SUPPLIED DATA
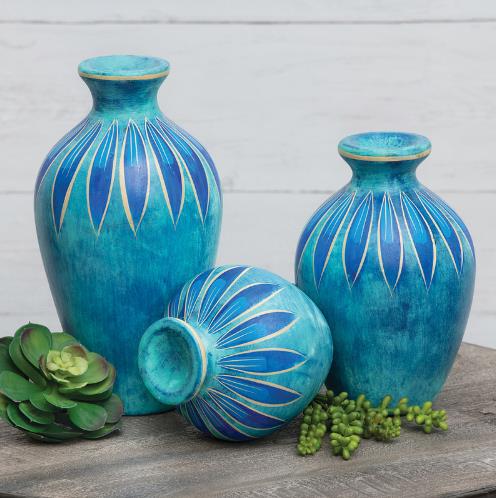MESA FLORAL CLAY VASES - SET OF 3 SMALL: 9.5" x 10" MED: 10" x 12" LG: 11" x 13.5"
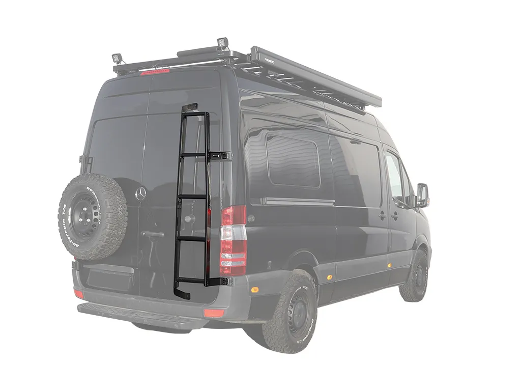 • Steps have rubber inserts for added grip when reaching on top of the Sprinter vans roof rack.
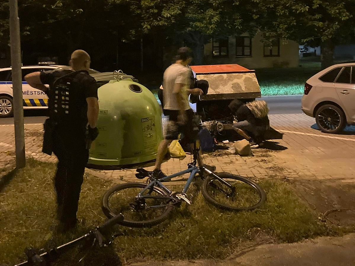 Chomutov – Včasný zásah strážníků Městské policie Chomutov v ranních hodinách zabránil dalšímu poškozování majetku v ulici Cihlářská. Hlídka při běžné hlídkové činnosti zahlédla dvojici mladíků, kteří právě převraceli kontejner na elektroodpad.
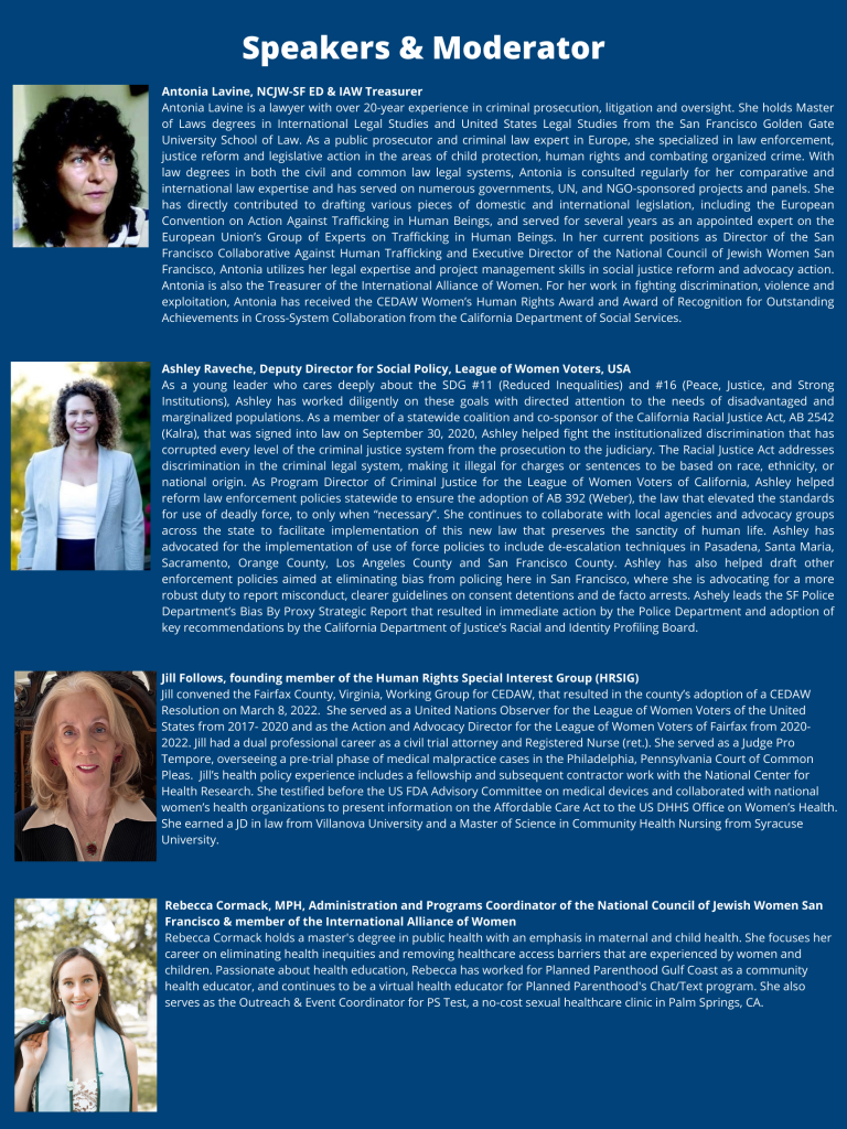 Join us for a session of storytelling and discussion about women’s achievements and challenges in pushing back against deeply ingrained societal norms, misinformation, and deflection. Our three short plays showcase women’s influence in the drafting of the 1948 Universal Declaration of Human Rights, the creation of the 1979 Convention on the Elimination of All Forms of Discrimination Against Women, and the present-day resurgence in securing city and county-wide resolutions in support of CEDAW.
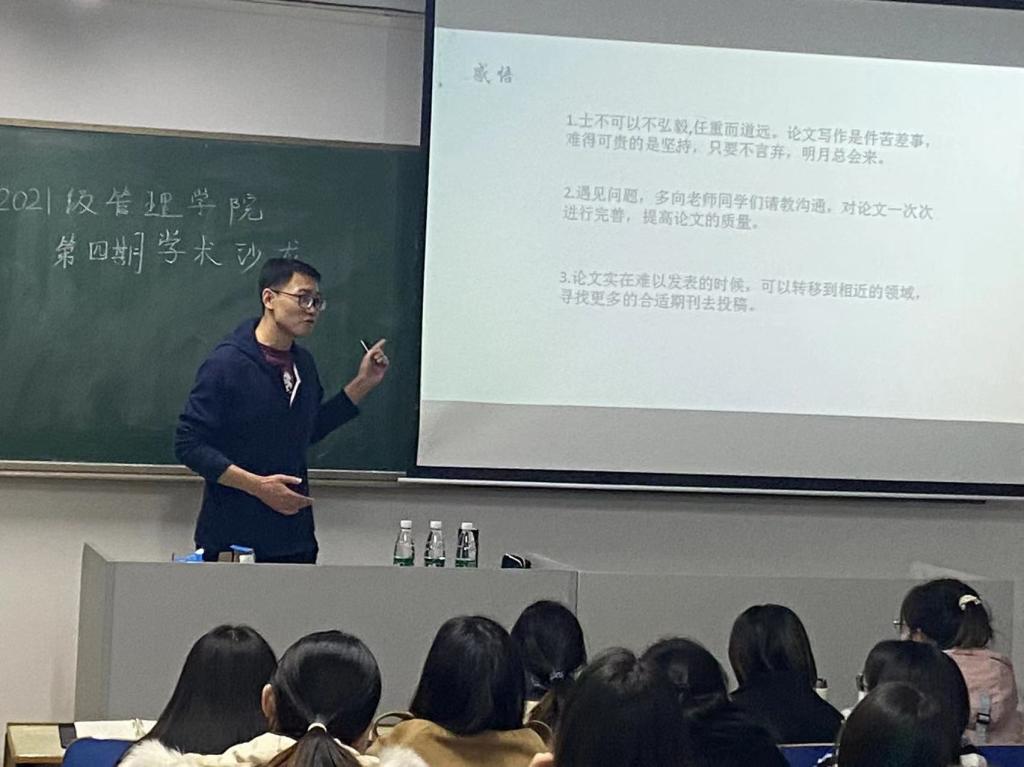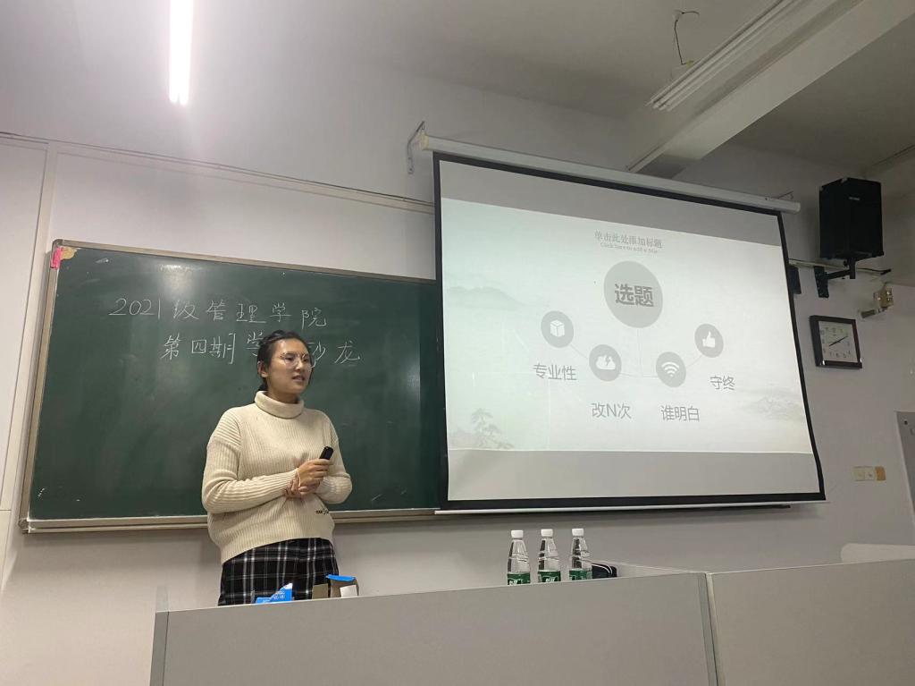 2021年11月10日,Beat365中文官方网站2021级研究生在教一楼303教室举行了本学期第四次学术交流活动。本次活动邀请到了2019级技经专业张亦池学长、会计专硕刘苗学姐和屠亚心学姐做论文写作方面的汇报。冯丽丽教授和2021级全体研究生参加了本次学术讲座。

ASSIGNED TASK
Your output must reproduce the material above in full, with no pictures.

ANSWER FOR THIS EXERCISE
MESA FLORAL CLAY VASES - SET OF 3 SMALL: 9.5" x 10" MED: 10" x 12" LG: 11" x 13.5"
 • Steps have rubber inserts for added grip when reaching on top of the Sprinter vans roof rack.
 Chomutov – Včasný zásah strážníků Městské policie Chomutov v ranních hodinách zabránil dalšímu poškozování majetku v ulici Cihlářská. Hlídka při běžné hlídkové činnosti zahlédla dvojici mladíků, kteří právě převraceli kontejner na elektroodpad.
 Join us for a session of storytelling and discussion about women’s achievements and challenges in pushing back against deeply ingrained societal norms, misinformation, and deflection. Our three short plays showcase women’s influence in the drafting of the 1948 Universal Declaration of Human Rights, the creation of the 1979 Convention on the Elimination of All Forms of Discrimination Against Women, and the present-day resurgence in securing city and county-wide resolutions in support of CEDAW.
 2021年11月10日,Beat365中文官方网站2021级研究生在教一楼303教室举行了本学期第四次学术交流活动。本次活动邀请到了2019级技经专业张亦池学长、会计专硕刘苗学姐和屠亚心学姐做论文写作方面的汇报。冯丽丽教授和2021级全体研究生参加了本次学术讲座。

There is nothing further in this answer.